Vijay Harish Chandra Patel (born 27 April 1960, in Ahmedabad) is an Indian lawyer and a former member of parliament. He graduated with a bachelor's degree in Chemical Engineering from DDIT Nadiad and LL.B. from Sir L.A. Shah Law College, Ahmedabad (Gujarat).

He was elected to eleventh Lok Sabha from Gandhinagar (Lok Sabha constituency) in 1996 being a Bhartiya Janta Party candidate defeating Super Star Rajesh Khanna. He. was also elected to tenth Gujarat Legislative Assembly in the year 1998 being Bhartiya Janta Party candidate.
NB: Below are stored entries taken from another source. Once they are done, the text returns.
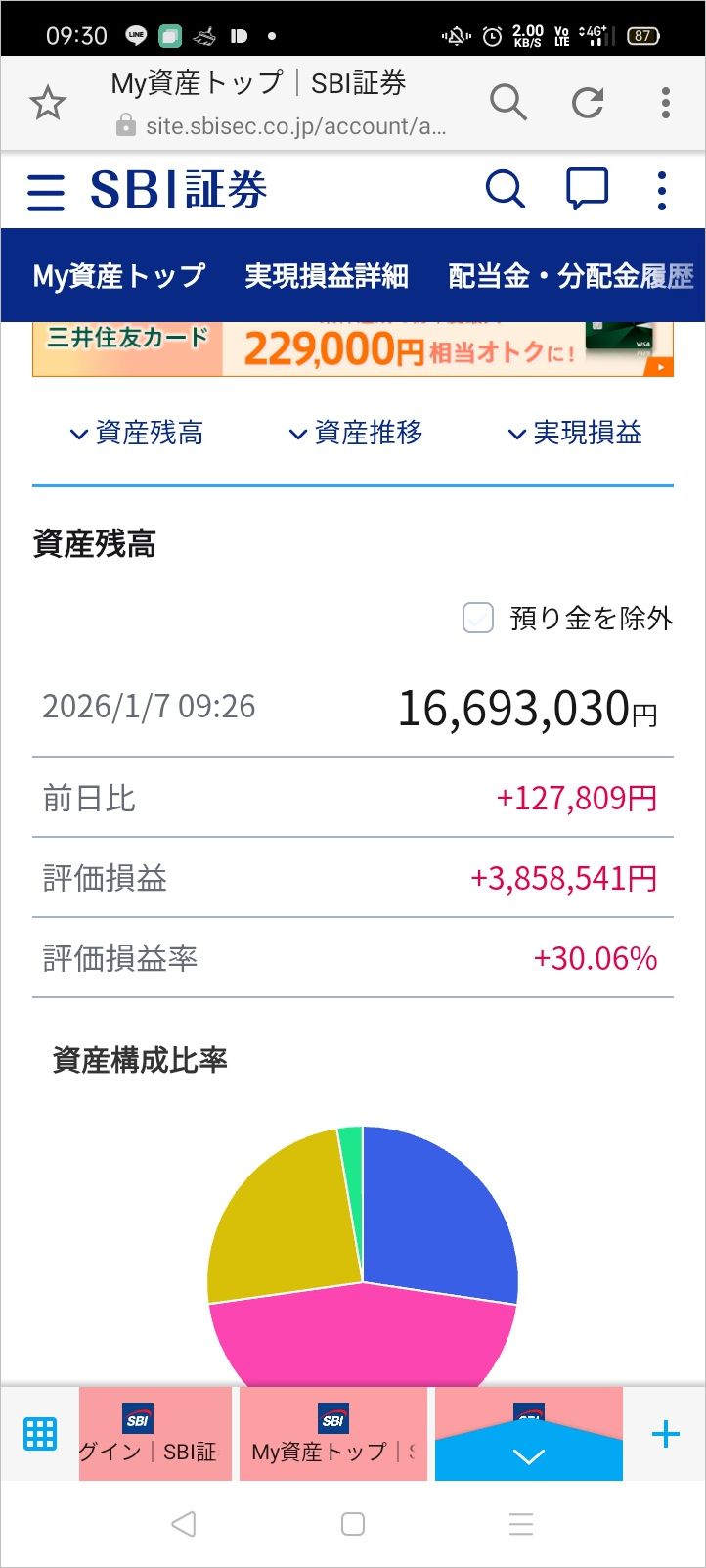 含み益7900万ワイ高みの見物
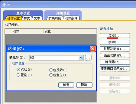 在動作設置里面點擊位(B),輸入軟元件名:M0 并把動作設置為點動,點擊確定。
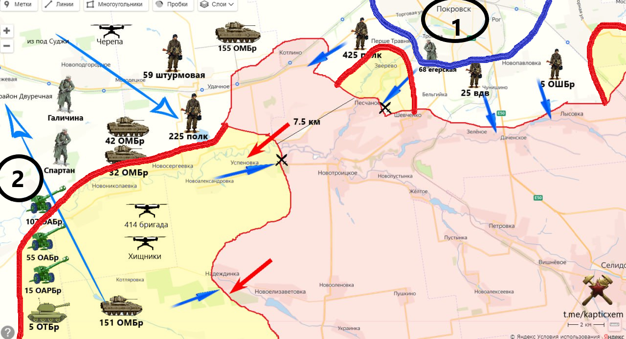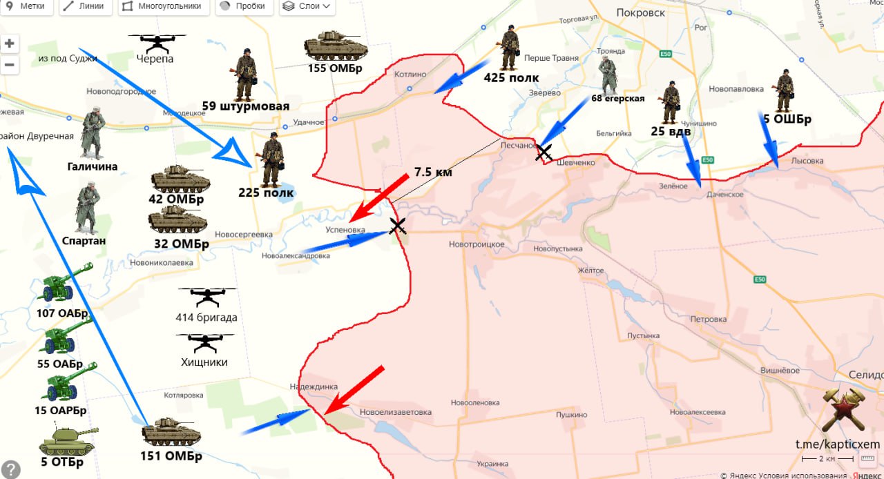 Идет продвижение у Зверево и северо-восточнее Лысовки. Мы подходим непосредственно к оборонительным рубежам города с юга, а с востока идет обрезание логистики. Покровск может начинать обратный отсчет. Крич будет доволен-)))
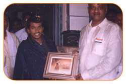 | Mr. N Bitra Receiving A memento from Pinnamaneni Venkateswara Rao, Minister Technical Education, on the occasion of 56th Independence Day (15th August 2003). Bitra Net Pvt. Ltd., has donated two letest configuration computers to a School located in Puttagunta (Krishna Dist, Andhra Pradesh) |
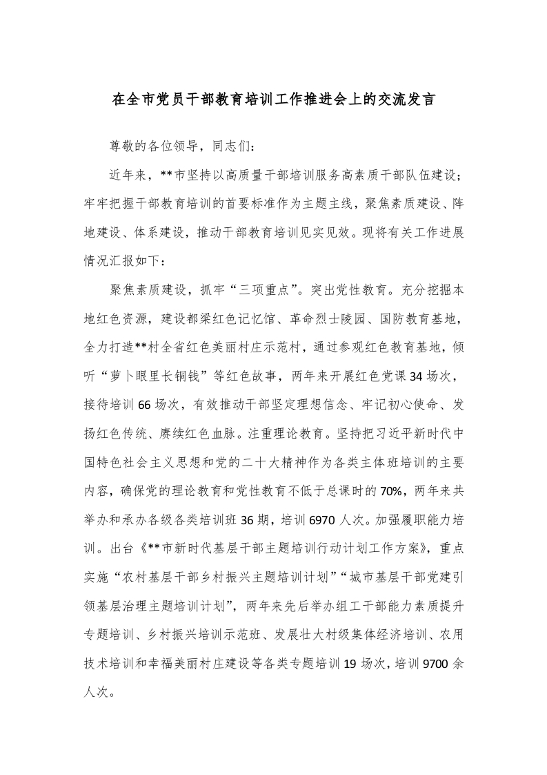 / 在全市党员干部教育培训工作推进会上的交流发言
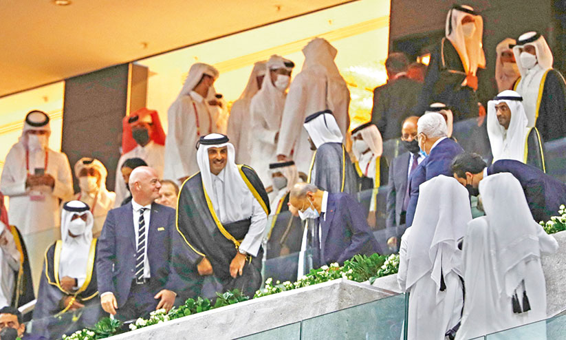 കുവൈത്ത് ഉപ പ്രധാനമന്ത്രി ശൈഖ് ഹമദ് ജാബിർ അൽ അലി അൽസബാഹ്, ജി.സി.സി സെക്രട്ടറി ജനറൽ ഡോ. നായിഫ് അൽ ഫലാഹ് മുബാറക് അൽ ഹജ്റഫ്, ജിബൂട്ടി പ്രസിഡൻറ് ഇസ്മായിൽ ഉമർ ഗുലേ, ലെബനാൻ പ്രസിഡൻറ് മൈകൽ ഓൻ, ജോർഡൻ കിരീടാവകാശി അൽ ഹുസൈൻ ബിൻ അബ്ദുല്ല രണ്ടാമൻ, സോമാലിയ പ്രസിഡൻറ് മുഹമ്മദ് അബ്ദുല്ലായി ഫർമാജോ, യെമൻ വൈസ്പ്രസിഡൻറ് ലഫ്. ജനറൽ അലി മുഹ്സിൻ അൽ അഹ്മർ, ഫലസ്തീൻ പ്രസിഡൻറ് മഹ്മൂദ് അബ്ബാസ്,സൗദി ഗവർണർ നായിഫ് ബിൻ അബ്ദുൽ അസീസ് അൽ സൗദ് തുടങ്ങിയ രാഷ്ട്രനേതാക്കളുടെ സാന്നിധ്യത്തിലായിരുന്നു പ്രൗഢഗംഭീരമായ ഉദ്ഘാടന ചടങ്ങ്. ലോകകപ്പിനായി ഖത്തർ ഒരുക്കിയ മറ്റൊരു വേദിയായ റാസ് അബൂഅബൂദിലെ സ്റ്റേഡിയം 974 രാത്രി 10ന് നടന്ന മത്സരത്തോടെ ലോകത്തിന് സമർപ്പിച്ചു.
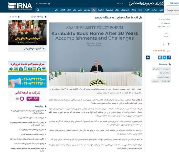 İRNA-nın AZƏRTAC-a istinadla dərc etdiyi materialda Prezident İlham Əliyevin “Biz regiona sülhü artıq gətirmişik. Biz onu müharibə yolu ilə etmişik. Məncə, buna daha geniş diqqət yetirilməlidir. Bu, təkcə Qafqazla bağlı deyil. Sülhə hərbi yolla necə nail olmaq olar, biz bunu nümayiş etdirdik” sözləri işıqlandırılıb. Dövlətimizin başçısının ATƏT-in keçmiş Minsk qrupunun fəaliyyətsizliyi ilə bağlı, həmçinin Azərbaycanın həyata keçirdiyi antiterror tədbirləri ilə əlaqədar fikirlərinin də əks olunduğu yazıda, Ermənistanla aparılan sülh danışıqlarının son vəziyyəti ilə bağlı fikirləri dərc edilib.
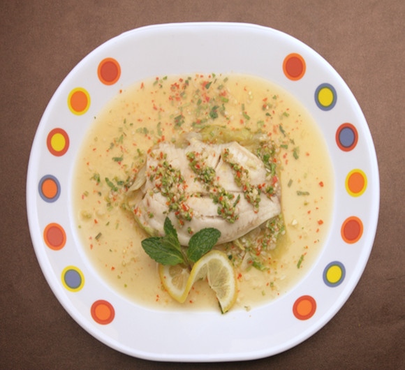 鲈鱼、大蒜、辣椒、姜香菜、青柠檬
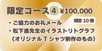 限定プラン⑤のリターン品は、『お礼のメール』に、ポストカード3種類全て。オリジナルTシャツ2枚(サイズ選択可能、色指定不可)、オリジナルグッズ(トートバック、マグカップ、ハンドタオルの3種類全て)、サイン色紙(ラッキー、ヴィッキー、松下先生の3枚全て)。
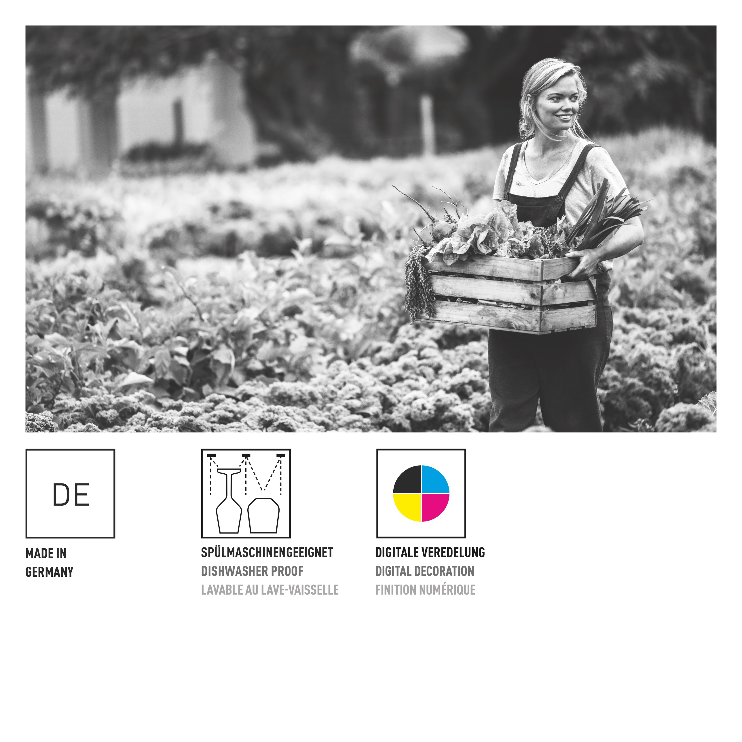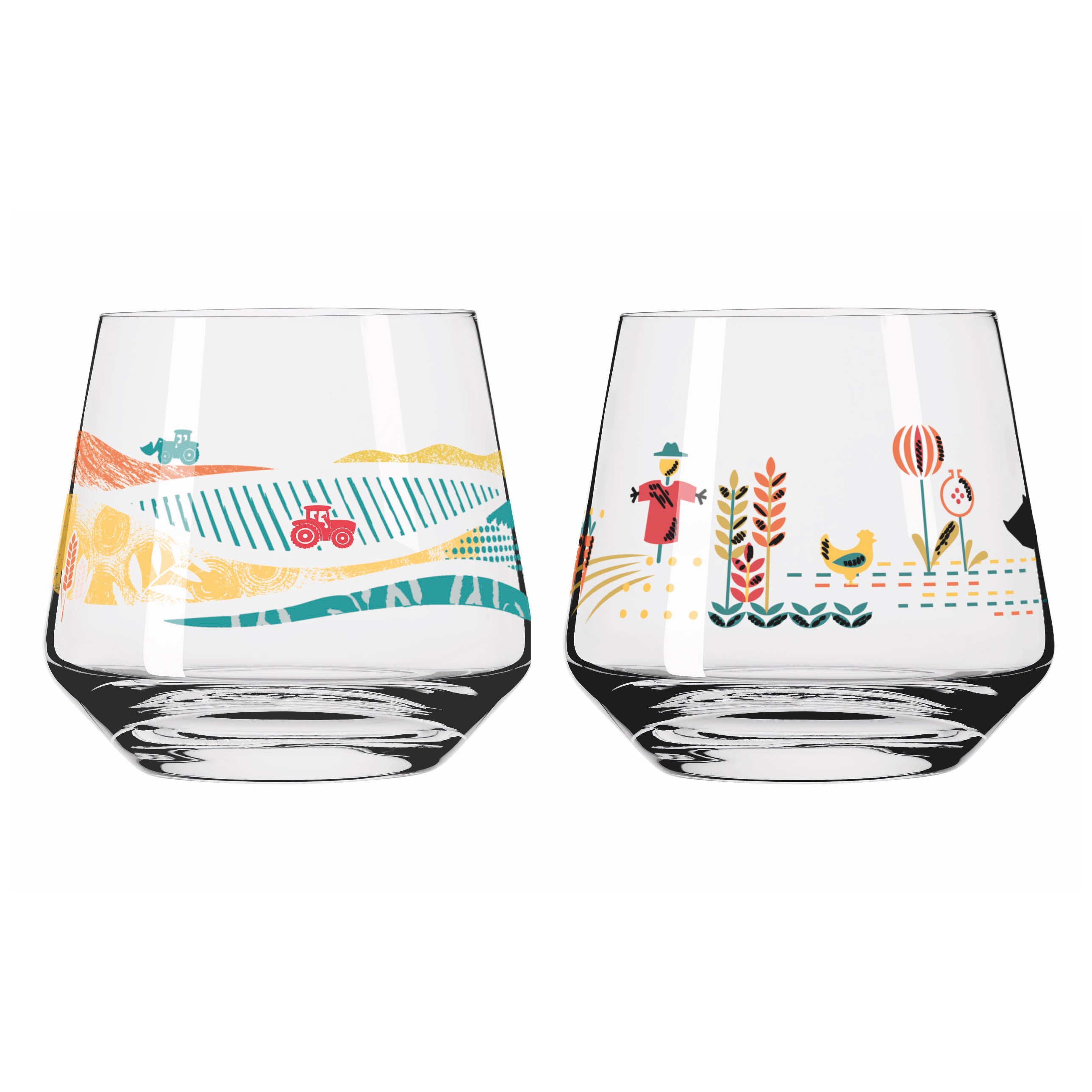 This drinking glass combines nature and agriculture – with gently rolling fields, golden ears of wheat, and a tractor that blends harmoniously into the landscape. A calm, warm motif that captures the beauty of rural life.

He defended Narendra Modi Government in Gujarat Assembly in 2002.  He criticised the statements made by the national human rights commission chairman justice j s verma holding the state government responsible for the violence and further stated that even when the k g shah commission is probing the circumstances that led to the communal disturbances in the aftermath of godhra train massacre. He further stated that it was really shocking that the justice addressed news conferences and spoke to the electronic media in flagrant violation of the normal practice of the quasi-judicial officials of keeping away from publicity.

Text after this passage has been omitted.